The task » Please repeat only the stretch of records running from the first line through the line that contains "Glas Schlüsselbrett mit".

Extracted data »
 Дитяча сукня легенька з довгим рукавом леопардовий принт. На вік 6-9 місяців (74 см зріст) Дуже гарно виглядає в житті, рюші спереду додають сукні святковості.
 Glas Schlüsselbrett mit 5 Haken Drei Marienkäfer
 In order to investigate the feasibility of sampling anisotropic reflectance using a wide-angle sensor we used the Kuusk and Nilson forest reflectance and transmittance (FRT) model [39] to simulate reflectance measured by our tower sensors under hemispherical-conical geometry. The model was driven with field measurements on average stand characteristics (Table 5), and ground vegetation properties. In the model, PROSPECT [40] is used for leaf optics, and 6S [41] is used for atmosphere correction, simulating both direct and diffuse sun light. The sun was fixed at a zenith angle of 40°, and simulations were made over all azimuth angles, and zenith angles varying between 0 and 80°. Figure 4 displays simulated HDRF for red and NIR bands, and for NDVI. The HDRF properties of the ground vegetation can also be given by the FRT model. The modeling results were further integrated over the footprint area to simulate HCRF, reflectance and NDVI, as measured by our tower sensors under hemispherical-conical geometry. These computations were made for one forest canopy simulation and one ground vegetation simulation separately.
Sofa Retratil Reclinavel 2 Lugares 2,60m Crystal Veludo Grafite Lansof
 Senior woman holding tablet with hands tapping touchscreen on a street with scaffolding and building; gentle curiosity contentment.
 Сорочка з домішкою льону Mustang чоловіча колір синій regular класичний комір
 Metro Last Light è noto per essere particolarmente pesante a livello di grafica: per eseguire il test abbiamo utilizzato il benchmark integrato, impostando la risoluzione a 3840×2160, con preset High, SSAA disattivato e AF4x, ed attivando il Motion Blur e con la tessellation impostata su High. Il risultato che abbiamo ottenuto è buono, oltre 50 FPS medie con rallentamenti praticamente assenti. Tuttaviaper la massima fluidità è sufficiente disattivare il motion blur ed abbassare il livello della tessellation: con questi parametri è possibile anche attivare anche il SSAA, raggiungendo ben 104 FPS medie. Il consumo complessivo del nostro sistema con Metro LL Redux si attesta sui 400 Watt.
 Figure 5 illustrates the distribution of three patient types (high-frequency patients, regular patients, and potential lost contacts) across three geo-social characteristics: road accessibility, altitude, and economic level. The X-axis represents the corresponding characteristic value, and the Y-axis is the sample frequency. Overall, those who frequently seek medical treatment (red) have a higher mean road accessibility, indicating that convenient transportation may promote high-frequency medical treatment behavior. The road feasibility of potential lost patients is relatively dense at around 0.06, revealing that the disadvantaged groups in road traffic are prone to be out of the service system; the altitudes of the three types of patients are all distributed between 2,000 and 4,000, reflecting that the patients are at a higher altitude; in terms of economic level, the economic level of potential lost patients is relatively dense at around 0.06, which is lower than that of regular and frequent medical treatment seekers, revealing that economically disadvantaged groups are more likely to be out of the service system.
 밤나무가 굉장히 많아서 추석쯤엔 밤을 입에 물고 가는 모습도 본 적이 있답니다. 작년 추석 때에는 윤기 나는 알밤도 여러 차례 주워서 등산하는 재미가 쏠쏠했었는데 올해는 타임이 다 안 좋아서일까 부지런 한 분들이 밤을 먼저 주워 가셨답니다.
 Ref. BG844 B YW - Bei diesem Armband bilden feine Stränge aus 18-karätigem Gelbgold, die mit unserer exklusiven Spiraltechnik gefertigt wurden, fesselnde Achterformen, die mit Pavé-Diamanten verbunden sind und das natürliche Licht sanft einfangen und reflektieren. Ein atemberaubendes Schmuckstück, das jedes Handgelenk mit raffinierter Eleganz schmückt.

Exercise output »
 Дитяча сукня легенька з довгим рукавом леопардовий принт. На вік 6-9 місяців (74 см зріст) Дуже гарно виглядає в житті, рюші спереду додають сукні святковості.
 Glas Schlüsselbrett mit 5 Haken Drei Marienkäfer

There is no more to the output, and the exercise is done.